> _WHAT TO WORK ON_: Since the records include pictures, leave those out while you reproduce exactly and only the lines from the one containing "Front and centre" through the one containing "Накрыть крышкой и", inclusive.

> _RECORDED INFORMATION_:
◆ ◆ ◆ ◆ ◆ ◆ ◆
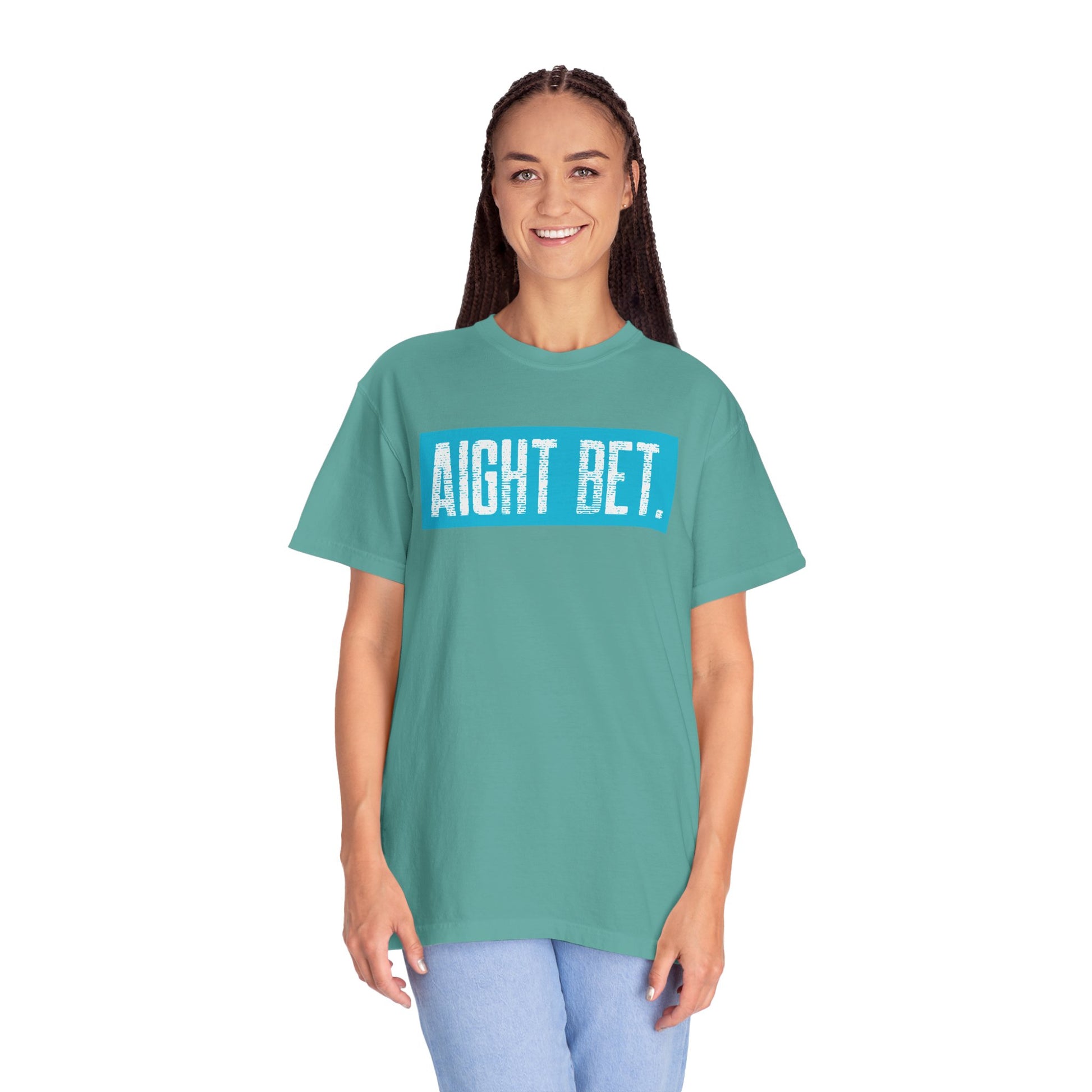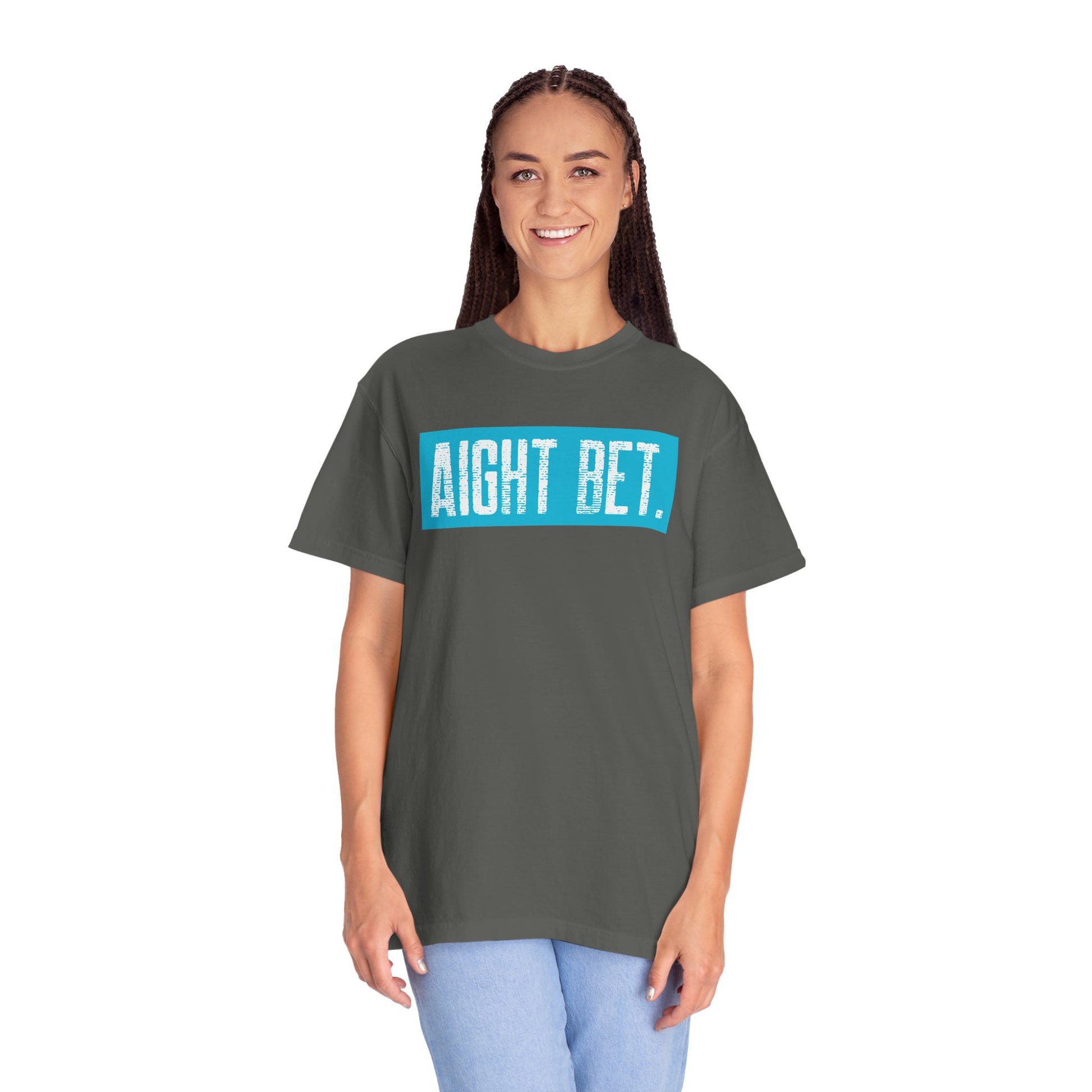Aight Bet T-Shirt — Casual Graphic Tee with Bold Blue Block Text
◆ ◆ ◆ ◆ ◆ ◆ ◆
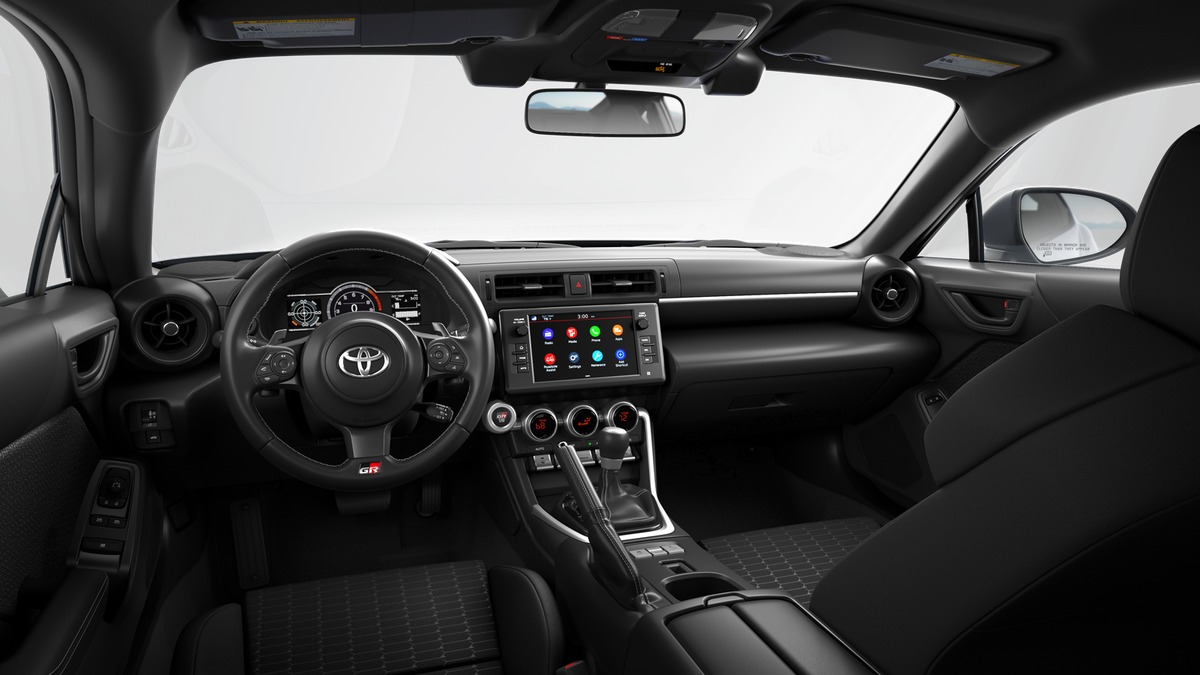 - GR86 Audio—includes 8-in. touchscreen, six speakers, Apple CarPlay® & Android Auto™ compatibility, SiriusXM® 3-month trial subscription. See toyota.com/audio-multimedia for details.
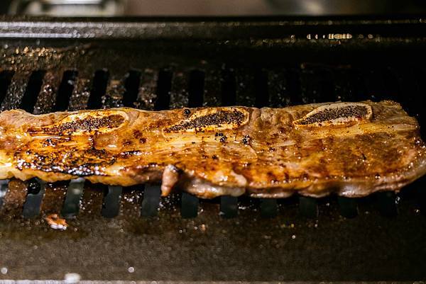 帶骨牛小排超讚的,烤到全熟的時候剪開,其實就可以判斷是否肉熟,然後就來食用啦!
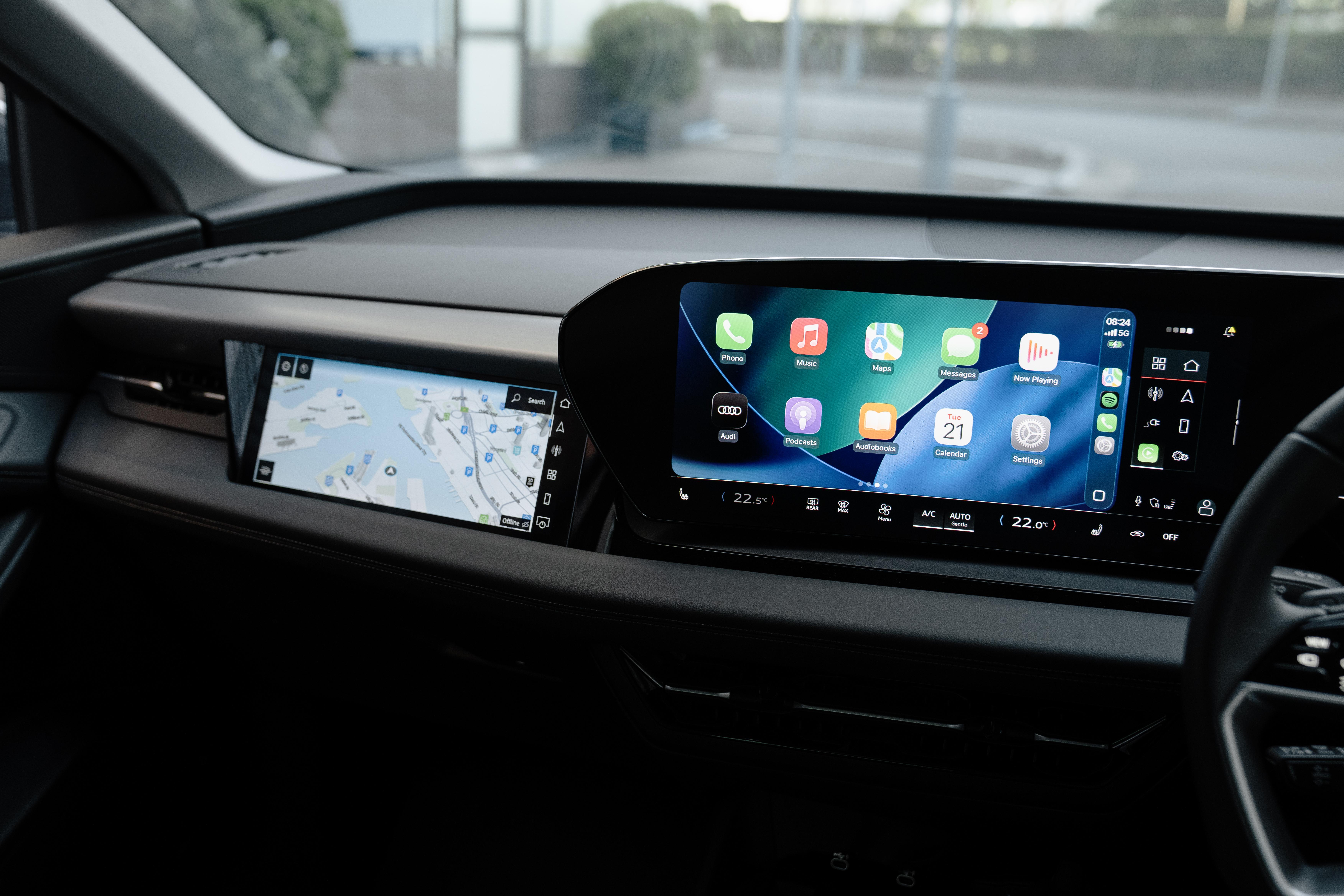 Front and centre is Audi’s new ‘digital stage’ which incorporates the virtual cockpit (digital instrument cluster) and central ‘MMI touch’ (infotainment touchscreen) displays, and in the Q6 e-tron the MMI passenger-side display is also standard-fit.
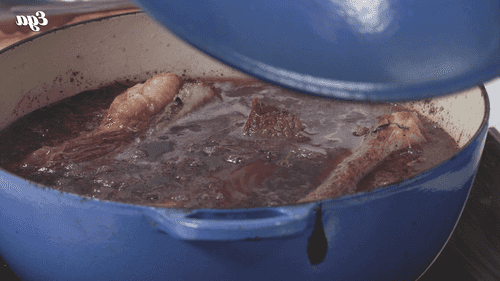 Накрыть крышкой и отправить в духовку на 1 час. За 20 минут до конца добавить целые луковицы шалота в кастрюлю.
◆ ◆ ◆ ◆ ◆ ◆ ◆
> _TASK OUTPUT_:
 Front and centre is Audi’s new ‘digital stage’ which incorporates the virtual cockpit (digital instrument cluster) and central ‘MMI touch’ (infotainment touchscreen) displays, and in the Q6 e-tron the MMI passenger-side display is also standard-fit.
 Накрыть крышкой и отправить в духовку на 1 час. За 20 минут до конца добавить целые луковицы шалота в кастрюлю.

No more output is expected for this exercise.